SUPPLIED MATERIAL section start
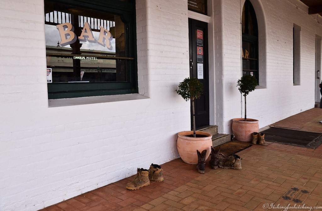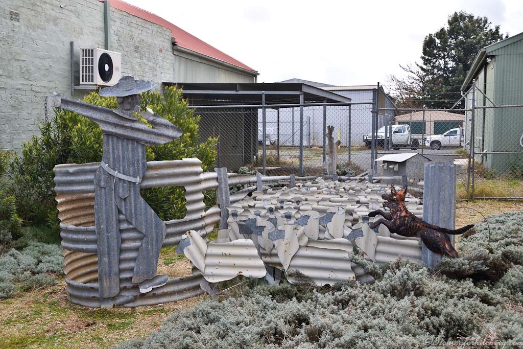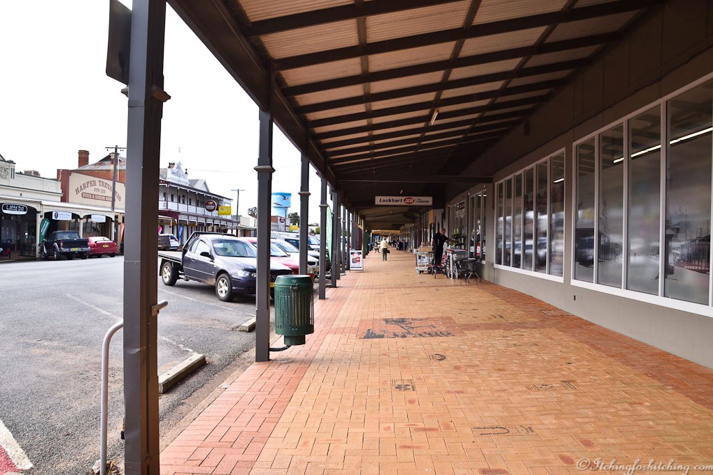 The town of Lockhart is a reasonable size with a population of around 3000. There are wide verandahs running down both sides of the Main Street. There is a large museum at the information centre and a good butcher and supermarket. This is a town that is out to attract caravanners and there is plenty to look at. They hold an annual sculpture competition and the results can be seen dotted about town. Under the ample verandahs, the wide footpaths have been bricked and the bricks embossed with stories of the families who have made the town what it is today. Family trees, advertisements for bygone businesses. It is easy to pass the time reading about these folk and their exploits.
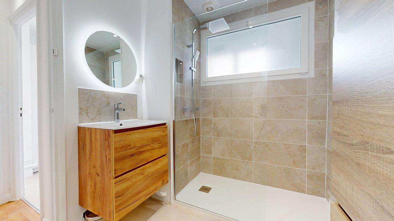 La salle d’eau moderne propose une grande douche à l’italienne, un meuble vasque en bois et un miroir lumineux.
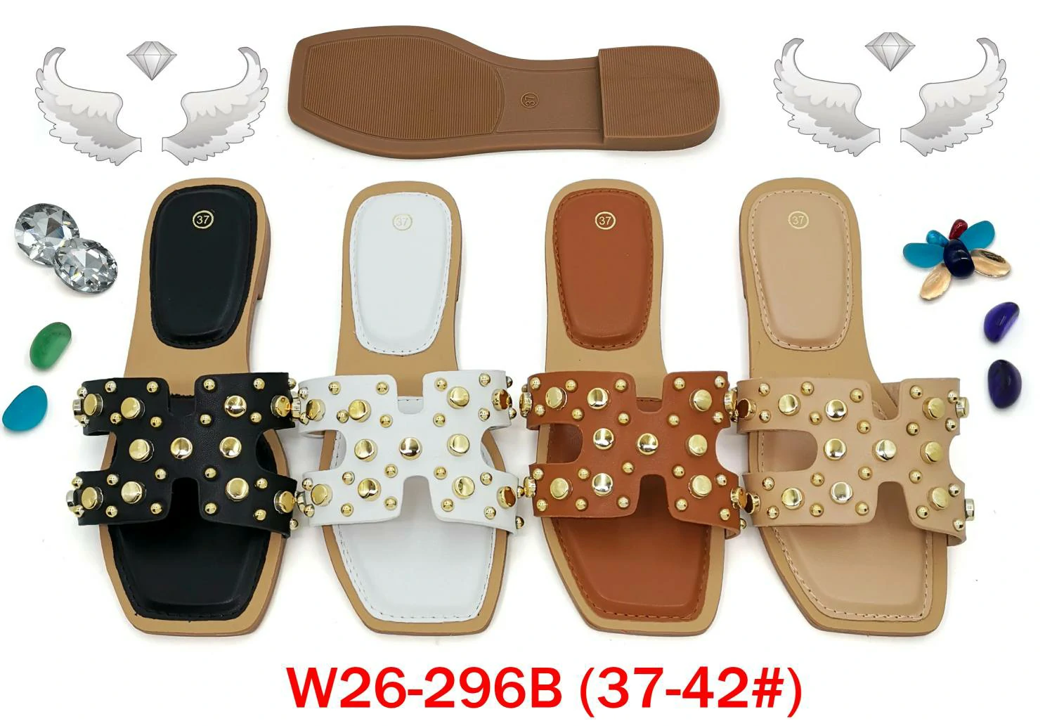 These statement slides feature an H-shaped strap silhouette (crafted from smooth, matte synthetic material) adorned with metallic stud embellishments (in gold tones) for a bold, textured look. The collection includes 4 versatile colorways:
SUPPLIED MATERIAL section end
◆ **REQUIRED ACTION**:
Any picture in the material is to be left out, and everything else is to be retyped as is.

◆ **TASK RESULT**:
 The town of Lockhart is a reasonable size with a population of around 3000. There are wide verandahs running down both sides of the Main Street. There is a large museum at the information centre and a good butcher and supermarket. This is a town that is out to attract caravanners and there is plenty to look at. They hold an annual sculpture competition and the results can be seen dotted about town. Under the ample verandahs, the wide footpaths have been bricked and the bricks embossed with stories of the families who have made the town what it is today. Family trees, advertisements for bygone businesses. It is easy to pass the time reading about these folk and their exploits.
 La salle d’eau moderne propose une grande douche à l’italienne, un meuble vasque en bois et un miroir lumineux.
 These statement slides feature an H-shaped strap silhouette (crafted from smooth, matte synthetic material) adorned with metallic stud embellishments (in gold tones) for a bold, textured look. The collection includes 4 versatile colorways:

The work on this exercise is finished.